Apple announced three new iPads in 2017: a pair of Pro models in summer and the iPad 9.7in, which appeared in March. We weren’t wholly convinced by the 9.7in, which was cheap but sure felt like it, but it was hugely popular, and consumers are keen to see what Apple comes up with next.

In this article we round up all the rumours about the new iPad 9.7in for 2018, from its probably release date to price and tech specs. For advice related to the current line-up, see our iPad buying guide and our roundup of the best iPad deals.

Release date

Spring 2018 looks like a fair bet. Digitimes (subscribers link) reports that the next budget 9.7in iPad “may arrive in the second quarter of 2018”: that would be somewhere between April and June. Bloomberg, on the other hand, while discussing Apple’s chip strategies, remarks that the next iPad is likely to appear towards the end of 2018.

Bear in mind, however, that 2017, with its three iPads, was an unusually busy year for Apple’s tablet division.
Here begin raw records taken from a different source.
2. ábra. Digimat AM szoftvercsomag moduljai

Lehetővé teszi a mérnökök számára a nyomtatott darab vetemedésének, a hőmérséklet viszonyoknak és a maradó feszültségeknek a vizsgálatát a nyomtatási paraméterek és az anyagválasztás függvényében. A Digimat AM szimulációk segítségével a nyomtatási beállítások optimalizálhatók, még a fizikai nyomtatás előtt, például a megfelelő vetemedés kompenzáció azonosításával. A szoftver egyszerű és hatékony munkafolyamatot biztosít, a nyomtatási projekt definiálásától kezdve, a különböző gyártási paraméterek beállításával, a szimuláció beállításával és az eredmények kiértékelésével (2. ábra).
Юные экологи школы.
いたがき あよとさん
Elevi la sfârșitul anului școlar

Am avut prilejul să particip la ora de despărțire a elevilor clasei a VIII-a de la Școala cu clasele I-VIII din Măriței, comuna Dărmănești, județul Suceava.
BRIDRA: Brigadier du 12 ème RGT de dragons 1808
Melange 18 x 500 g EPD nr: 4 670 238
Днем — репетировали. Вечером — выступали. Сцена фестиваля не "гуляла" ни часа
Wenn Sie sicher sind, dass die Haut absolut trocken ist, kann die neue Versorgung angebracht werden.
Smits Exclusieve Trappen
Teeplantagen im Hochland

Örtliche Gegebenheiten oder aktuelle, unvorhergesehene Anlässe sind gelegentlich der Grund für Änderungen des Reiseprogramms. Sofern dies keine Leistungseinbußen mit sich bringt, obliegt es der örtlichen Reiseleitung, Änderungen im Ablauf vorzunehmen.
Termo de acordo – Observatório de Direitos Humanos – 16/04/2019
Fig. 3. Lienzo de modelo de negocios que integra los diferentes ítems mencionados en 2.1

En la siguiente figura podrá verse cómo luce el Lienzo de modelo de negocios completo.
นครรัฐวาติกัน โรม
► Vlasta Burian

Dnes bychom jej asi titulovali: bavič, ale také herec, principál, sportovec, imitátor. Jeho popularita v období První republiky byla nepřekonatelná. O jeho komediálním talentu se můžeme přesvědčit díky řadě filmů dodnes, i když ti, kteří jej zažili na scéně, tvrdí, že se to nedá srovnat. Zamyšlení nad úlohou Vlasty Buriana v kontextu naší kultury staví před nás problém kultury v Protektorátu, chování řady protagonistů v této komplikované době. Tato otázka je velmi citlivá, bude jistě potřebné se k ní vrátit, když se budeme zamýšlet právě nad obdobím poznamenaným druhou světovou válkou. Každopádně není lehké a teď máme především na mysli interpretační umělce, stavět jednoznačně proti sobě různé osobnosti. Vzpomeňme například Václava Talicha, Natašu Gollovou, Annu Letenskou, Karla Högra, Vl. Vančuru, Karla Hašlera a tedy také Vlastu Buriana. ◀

Only one iPad came out in 2016, and the general consensus was that iPads were a decreasingly important part of the company’s portfolio.

We think the success of this device will encourage Apple to make more tablets, but don’t depend on it to make updates as often as it does for iPhones, for example – particularly since low-end tablets like the 9.7in model have less need of the very latest components.

iPad 9.7in (2018) release date, price & specs rumours

Design

The one thing we want from the 9.7in 2018 is a laminated screen. We didn’t much dig the unlaminated screen on the 2017 model (a surprising throwback, since even 2015’s iPad Air 2 had a laminated screen), because it flexed slightly when you pressed on it, and felt plasticky and cheap.

Other than that, no great design innovations are expected or particularly wanted from what is an appealingly low-cost (by Apple’s standards) mid-size tablet. Apple hasn’t done much with the design of even its premium Pro tablets in recent years, so don’t expect it from the budget model.

Specs

If Apple intends to keep the price down, expect cautious incremental improvements to the specs: if you’re looking for the absolute latest processor chips, for instance, this isn’t the product for you.

The 9.7in 2017 featured an A9 processor, which was a year and a half old when the device first launched and is now looking quite long in the tooth. We’d hope that for the 2018 update Apple could stretch to an A10 Fusion (or A10X, as in 2017’s Pro models), but any variant on the A11 Bionic that appeared in the iPhone 8 and X seems like a long shot.

After topping out at 128GB of storage in 2017, the 9.7in may get a 256GB option this time around (for comparison, the Pros go up to 512GB); we’d expect 128GB to be more than enough room for those in the market for devices at this level, but the side effect would be to bring up the entry-level configuration to 64GB.

Finally, the front-facing camera currently feels distinctly underpowered at 1.2Mp: the Pro models have 7Mp selfie cameras, as do all iPhones from the 7 onwards. This could get a bump to 5Mp, and we’d be pleased if it did.

However, if the pricing rumours (below) are to be believed, Apple may keep the specs almost the same as the 2017 model, and focus instead on getting it out at the lowest possible cost.

iPad 9.7in (2018) release date, price & specs rumours

iPad 9.7in (2018) release date, price & specs rumours

Price

The 9.7in iPad’s raison d’être is its bargain price tag, and all of the above speculation – particularly our ambitious plans to revamp its innards – will be weighed against Apple’s ability to deliver on price once again.

Here’s what the 2017 model costs:

  • iPad 9.7in (Wi-Fi, 32GB): £339/US$329
  • iPad 9.7in (Wi-Fi, 128GB): £429/US$429
  • iPad 9.7in (cellular, 32GB): £469/US$459
  • iPad 9.7in (cellular, 128GB): £559/US$559

Ordinarily we would expect roughly the same pricing for the 2018 model, but word is that Apple is going even lower in 2018. Digitimes’ report points to an entry point of US$259 (probably about the same in pounds), and that the device will be aimed at industrial use and other price-sensitive markets.